___ Dataset excerpts

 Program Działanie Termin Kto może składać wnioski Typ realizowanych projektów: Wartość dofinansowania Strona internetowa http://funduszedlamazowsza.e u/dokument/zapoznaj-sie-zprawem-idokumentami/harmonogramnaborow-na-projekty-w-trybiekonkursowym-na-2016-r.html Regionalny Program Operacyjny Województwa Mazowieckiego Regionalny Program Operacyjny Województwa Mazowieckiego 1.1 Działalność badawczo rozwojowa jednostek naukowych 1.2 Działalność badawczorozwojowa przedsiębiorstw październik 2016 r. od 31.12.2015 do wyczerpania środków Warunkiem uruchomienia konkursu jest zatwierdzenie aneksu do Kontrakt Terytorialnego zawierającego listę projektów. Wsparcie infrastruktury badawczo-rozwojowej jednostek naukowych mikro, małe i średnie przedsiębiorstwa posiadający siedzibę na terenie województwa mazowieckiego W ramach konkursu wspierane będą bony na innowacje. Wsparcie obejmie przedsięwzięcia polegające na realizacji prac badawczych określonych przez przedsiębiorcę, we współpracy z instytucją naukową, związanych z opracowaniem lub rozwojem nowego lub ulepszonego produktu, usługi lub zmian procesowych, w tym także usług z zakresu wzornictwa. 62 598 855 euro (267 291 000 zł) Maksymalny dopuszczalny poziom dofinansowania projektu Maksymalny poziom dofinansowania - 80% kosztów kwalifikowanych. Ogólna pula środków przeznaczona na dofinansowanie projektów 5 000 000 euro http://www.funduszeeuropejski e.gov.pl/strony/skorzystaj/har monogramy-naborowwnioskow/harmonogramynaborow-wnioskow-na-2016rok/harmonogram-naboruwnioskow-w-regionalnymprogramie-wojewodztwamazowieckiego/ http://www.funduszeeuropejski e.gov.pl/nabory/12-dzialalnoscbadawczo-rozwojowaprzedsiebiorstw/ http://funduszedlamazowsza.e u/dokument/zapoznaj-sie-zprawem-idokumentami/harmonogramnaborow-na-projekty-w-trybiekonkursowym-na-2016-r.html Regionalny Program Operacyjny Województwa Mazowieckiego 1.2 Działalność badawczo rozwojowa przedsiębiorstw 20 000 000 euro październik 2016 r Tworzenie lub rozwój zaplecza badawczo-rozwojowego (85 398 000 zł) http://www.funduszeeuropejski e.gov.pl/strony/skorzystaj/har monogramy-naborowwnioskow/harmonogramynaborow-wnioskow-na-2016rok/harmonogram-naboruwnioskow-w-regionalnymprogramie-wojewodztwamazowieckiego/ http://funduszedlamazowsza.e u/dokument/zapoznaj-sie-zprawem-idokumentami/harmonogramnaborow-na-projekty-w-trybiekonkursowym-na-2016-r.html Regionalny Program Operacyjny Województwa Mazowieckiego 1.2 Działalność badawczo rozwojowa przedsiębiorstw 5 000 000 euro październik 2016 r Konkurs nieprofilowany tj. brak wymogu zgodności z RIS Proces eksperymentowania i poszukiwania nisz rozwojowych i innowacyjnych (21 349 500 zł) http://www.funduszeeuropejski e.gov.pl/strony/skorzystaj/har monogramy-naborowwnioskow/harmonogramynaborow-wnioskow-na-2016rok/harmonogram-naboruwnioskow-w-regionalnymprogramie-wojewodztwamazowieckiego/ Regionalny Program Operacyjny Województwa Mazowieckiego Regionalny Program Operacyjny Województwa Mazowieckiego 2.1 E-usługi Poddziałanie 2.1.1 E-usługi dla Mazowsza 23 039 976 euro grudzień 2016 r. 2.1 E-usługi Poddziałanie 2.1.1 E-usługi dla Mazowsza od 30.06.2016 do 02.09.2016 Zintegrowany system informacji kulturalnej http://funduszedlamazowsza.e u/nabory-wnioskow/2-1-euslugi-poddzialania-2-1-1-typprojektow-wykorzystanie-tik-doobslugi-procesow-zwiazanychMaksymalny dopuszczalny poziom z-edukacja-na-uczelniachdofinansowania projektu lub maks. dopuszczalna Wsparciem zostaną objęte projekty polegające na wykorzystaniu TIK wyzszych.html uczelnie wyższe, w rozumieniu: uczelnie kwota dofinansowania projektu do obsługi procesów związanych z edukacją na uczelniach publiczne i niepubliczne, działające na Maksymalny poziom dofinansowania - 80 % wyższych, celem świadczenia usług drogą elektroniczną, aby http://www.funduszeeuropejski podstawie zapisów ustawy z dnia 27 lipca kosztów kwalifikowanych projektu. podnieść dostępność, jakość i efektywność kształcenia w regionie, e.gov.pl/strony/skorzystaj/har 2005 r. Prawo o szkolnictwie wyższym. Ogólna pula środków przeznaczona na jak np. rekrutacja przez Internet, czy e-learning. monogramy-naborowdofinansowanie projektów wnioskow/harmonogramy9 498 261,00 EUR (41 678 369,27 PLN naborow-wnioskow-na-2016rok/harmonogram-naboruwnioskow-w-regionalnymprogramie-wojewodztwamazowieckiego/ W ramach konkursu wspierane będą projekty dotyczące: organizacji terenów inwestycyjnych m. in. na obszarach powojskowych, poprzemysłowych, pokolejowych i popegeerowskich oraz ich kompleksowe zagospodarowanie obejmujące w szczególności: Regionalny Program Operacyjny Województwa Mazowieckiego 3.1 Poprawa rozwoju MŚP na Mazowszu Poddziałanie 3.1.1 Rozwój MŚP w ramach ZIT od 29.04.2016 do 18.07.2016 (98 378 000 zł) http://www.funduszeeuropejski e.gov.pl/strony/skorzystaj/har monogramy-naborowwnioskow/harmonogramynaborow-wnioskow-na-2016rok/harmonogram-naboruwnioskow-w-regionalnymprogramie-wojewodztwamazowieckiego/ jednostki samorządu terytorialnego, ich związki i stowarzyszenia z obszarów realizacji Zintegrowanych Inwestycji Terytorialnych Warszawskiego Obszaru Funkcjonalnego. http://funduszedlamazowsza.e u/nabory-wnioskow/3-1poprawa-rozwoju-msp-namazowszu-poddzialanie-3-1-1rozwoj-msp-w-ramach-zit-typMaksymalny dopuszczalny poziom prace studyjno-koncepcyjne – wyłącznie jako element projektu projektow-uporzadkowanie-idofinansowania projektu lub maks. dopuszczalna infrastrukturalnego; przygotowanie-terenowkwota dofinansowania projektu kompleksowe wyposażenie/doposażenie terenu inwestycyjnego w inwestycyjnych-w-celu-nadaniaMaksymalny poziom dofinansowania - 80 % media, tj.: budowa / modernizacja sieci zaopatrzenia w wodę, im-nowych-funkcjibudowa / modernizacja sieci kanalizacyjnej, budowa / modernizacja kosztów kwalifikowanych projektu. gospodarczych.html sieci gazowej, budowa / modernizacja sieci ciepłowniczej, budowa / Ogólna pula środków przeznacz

______
___ Dataset excerpts

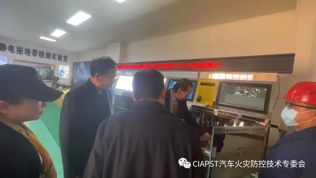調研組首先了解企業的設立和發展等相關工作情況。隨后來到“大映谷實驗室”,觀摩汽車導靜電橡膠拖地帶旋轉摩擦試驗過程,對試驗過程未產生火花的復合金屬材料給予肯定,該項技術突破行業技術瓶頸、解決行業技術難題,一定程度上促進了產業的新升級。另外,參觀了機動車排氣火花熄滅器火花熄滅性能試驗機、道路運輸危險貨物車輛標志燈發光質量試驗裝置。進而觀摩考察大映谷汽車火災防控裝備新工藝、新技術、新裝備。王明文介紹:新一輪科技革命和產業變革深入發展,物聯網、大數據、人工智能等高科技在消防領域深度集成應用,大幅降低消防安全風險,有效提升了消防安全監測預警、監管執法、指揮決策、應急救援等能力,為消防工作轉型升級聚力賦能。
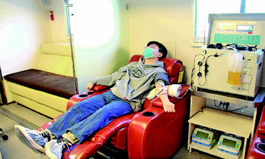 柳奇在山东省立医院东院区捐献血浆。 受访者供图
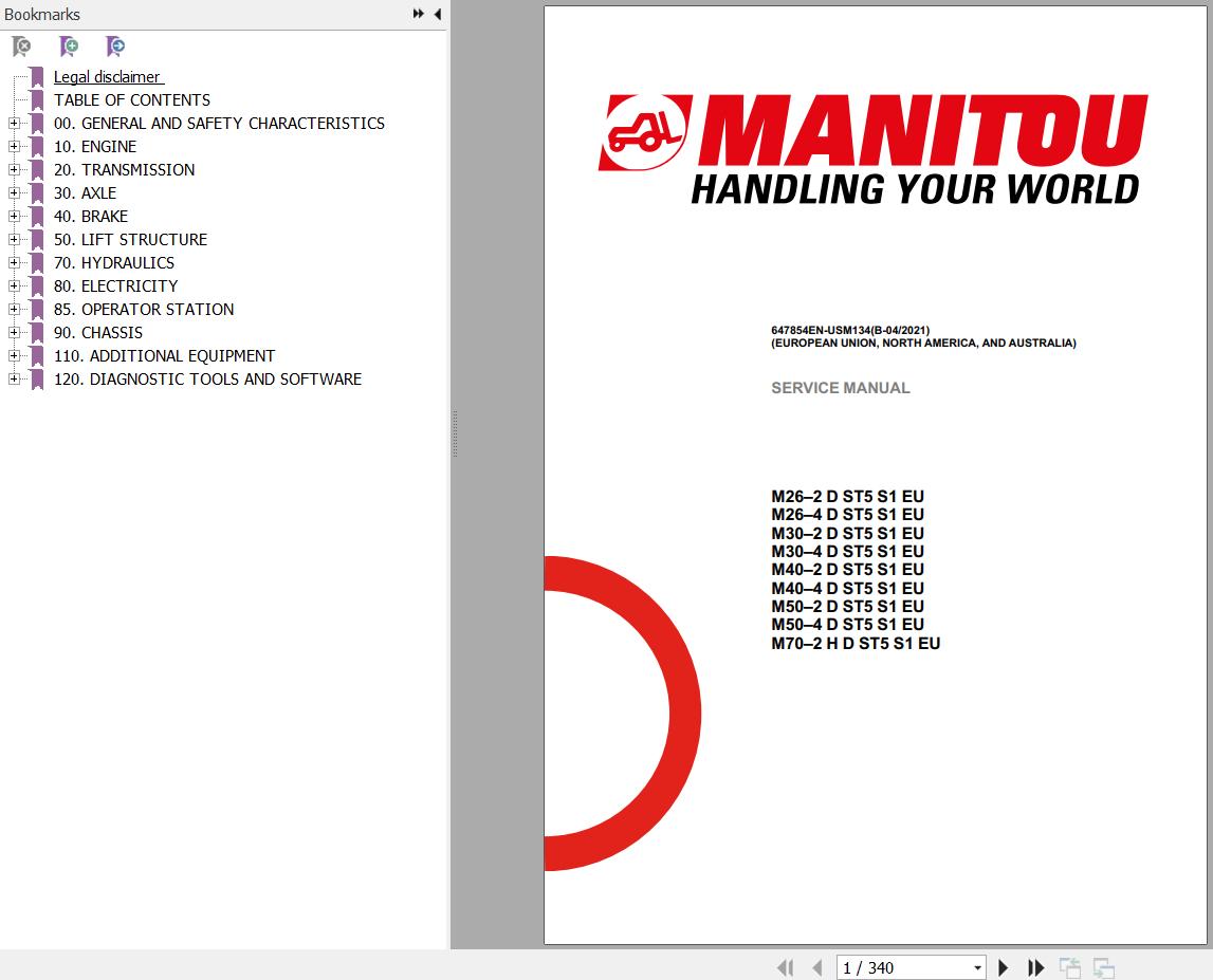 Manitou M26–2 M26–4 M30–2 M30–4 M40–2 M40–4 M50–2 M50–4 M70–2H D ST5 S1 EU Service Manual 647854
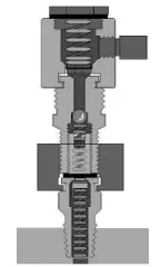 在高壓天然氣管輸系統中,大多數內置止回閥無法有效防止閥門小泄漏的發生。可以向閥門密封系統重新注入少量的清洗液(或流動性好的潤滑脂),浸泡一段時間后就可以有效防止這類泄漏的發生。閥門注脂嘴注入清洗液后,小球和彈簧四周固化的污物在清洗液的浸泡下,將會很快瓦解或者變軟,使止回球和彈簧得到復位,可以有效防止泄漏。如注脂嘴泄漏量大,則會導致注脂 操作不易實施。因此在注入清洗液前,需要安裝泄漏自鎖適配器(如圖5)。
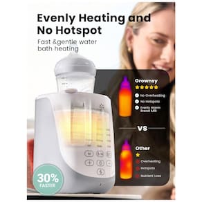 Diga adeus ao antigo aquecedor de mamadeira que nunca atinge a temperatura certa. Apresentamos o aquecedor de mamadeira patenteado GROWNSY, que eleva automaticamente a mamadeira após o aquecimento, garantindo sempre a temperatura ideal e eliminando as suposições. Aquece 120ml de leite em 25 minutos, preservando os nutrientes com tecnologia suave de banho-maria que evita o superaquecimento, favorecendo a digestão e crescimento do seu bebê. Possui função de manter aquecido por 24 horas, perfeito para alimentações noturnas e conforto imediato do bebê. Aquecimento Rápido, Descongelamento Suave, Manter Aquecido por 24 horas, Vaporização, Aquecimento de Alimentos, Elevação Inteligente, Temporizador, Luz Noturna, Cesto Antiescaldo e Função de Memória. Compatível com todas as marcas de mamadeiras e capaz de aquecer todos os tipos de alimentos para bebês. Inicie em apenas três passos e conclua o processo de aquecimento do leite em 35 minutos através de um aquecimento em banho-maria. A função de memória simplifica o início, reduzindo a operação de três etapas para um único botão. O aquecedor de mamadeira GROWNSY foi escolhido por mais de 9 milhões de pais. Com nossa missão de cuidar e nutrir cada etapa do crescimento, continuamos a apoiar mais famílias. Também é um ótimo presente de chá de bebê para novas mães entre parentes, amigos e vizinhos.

______

In the listing above, the required lines run from the line with "柳奇在山东省立医院东院区捐献血浆。 受访者供图" through the line with "在高壓天然氣管輸系統中,大多". Output exactly those lines, omitting pictures.

▶ **Exercise result**
 柳奇在山东省立医院东院区捐献血浆。 受访者供图
 Manitou M26–2 M26–4 M30–2 M30–4 M40–2 M40–4 M50–2 M50–4 M70–2H D ST5 S1 EU Service Manual 647854
 在高壓天然氣管輸系統中,大多數內置止回閥無法有效防止閥門小泄漏的發生。可以向閥門密封系統重新注入少量的清洗液(或流動性好的潤滑脂),浸泡一段時間后就可以有效防止這類泄漏的發生。閥門注脂嘴注入清洗液后,小球和彈簧四周固化的污物在清洗液的浸泡下,將會很快瓦解或者變軟,使止回球和彈簧得到復位,可以有效防止泄漏。如注脂嘴泄漏量大,則會導致注脂 操作不易實施。因此在注入清洗液前,需要安裝泄漏自鎖適配器(如圖5)。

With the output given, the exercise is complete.